Roll five dice. What's the chance of rolling exactly one pair?

Question

If I roll five dice, what's the chance that exactly two of the die show the same number?

I know that the total number of possible outcomes is $6^5$ = 7776. I calculated the probability that at least 2 of the die will have the same outcome. To do this, I found the probability that no two die will be alike:

$\frac{6!}{7776}$ = .0926

Then I subtract that result from 1: 1 - .0926 = .9074.

This is the probability that there be AT LEAST one pair. However, I need to find the probability that there will be EXACTLY one pair. The only way I can think of doing this is by subtracting the prob. that there will be at least five pairs, four pairs, etc. from .9074. But is there a quicker way to solve the problem?

Thanks,

KM

Answer 1

To have exactly one pair (no two pairs, not three of a kind, not "full house", ...) you will have a total of exactly four distinct values, one of these occuring twice. So out of the $6^5$ total possible dice rolls, there are ${6\choose 4}{4\choose 1}{5\choose 2}3!$ good possibilities (pick the four values, pick the duplicate value, pick the dice making the pair, rearrange the remaining three dice).
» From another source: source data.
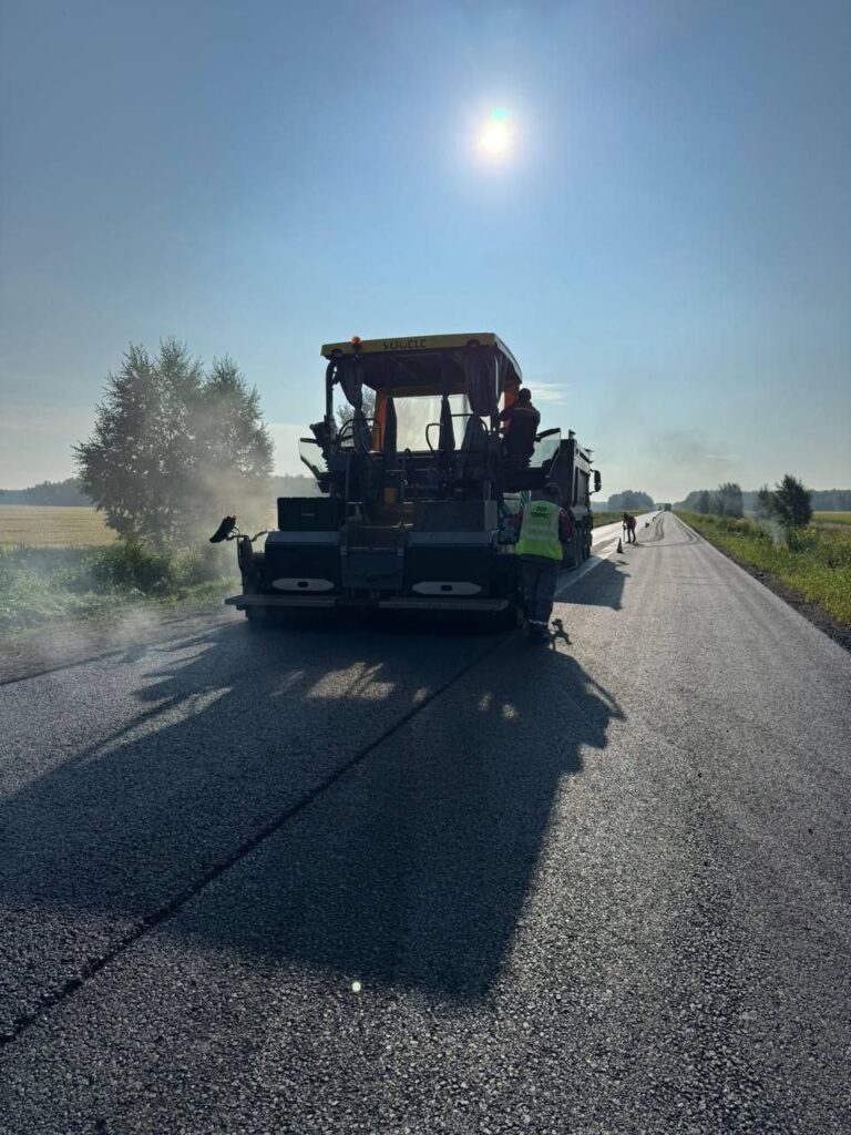 К настоящему времени на объекте специалистами подрядной организации завершено фрезерование старого дорожного покрытия, устранение пучин, устройство ровиков уширения, укрепление дорожного основания методом холодного ресайклинга с применением цемента, а также устройство двухслойного асфальтобетонного покрытия.
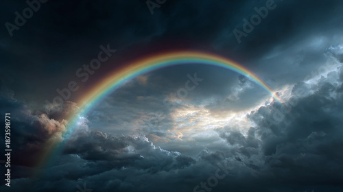 © Thiago, Obraz premium A vibrant rainbow arches across a dramatic sky, symbolizing hope after the storm
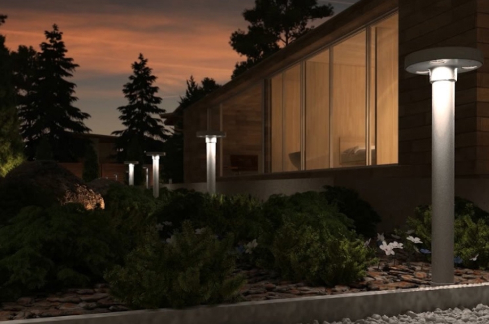 Udendørs pullert lygte i pulverlakeret trykstøbt aluminium.
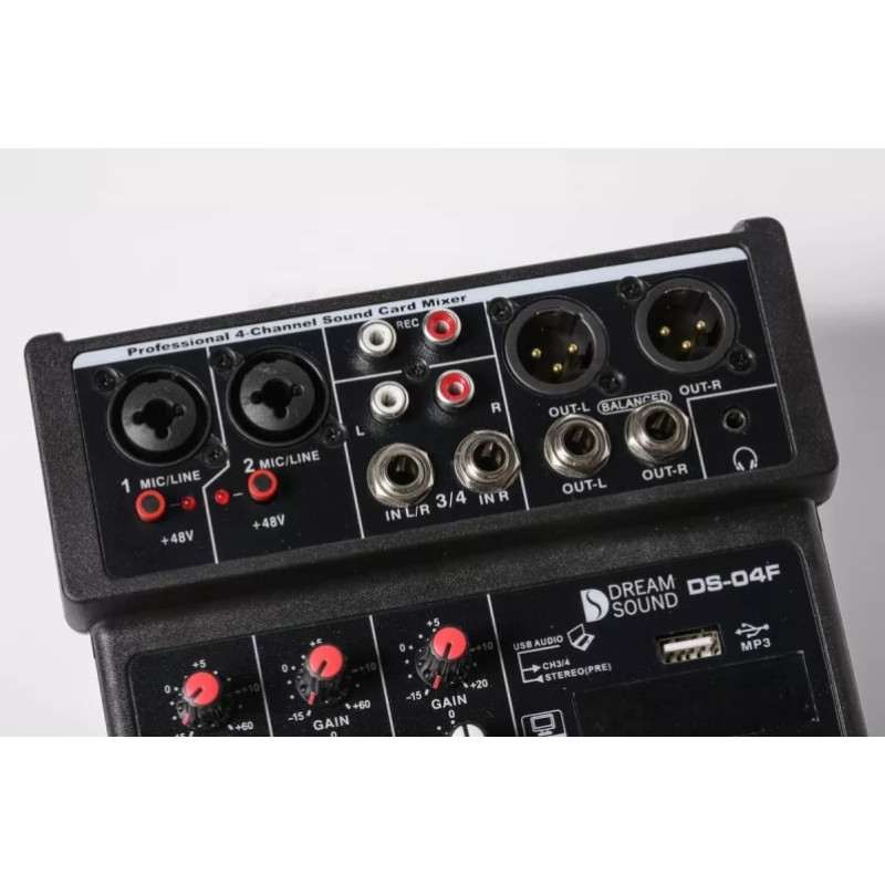 - Микшер с 4-мя входами (2 входа универсальный разъем Микрофон/линия)

So the probability is $$ \frac{{6\choose 4}{4\choose 1}{5\choose 2}3!}{6^5}=\frac{25}{54}.$$

Answer 2

Another way to argue: You can choose the two paired dice in $\binom52$ ways, the value of the pair in 6 ways and the non-paired dice in $5\cdot4\cdot 3$ ways, leading to the same answer as Hagen's

Answer 3

According to Binomial Distribution, the number of ways, say 3, appear twice during the five rolls is given by a random variable X i.e.

$X \sim \mathrm{Bin}(5, 1/6)$

Here 5 = no. of rolls and 1/6 is probability of getting 3 during an independent roll. Now,

$P(X = 2) = {\binom{5}{2}\cdot(1/6)^2\cdot(5/6)^3} \approx 0.1608$

Now, for any number to appear twice we have;

$6\cdot P (X = 2) \approx 96.45\%$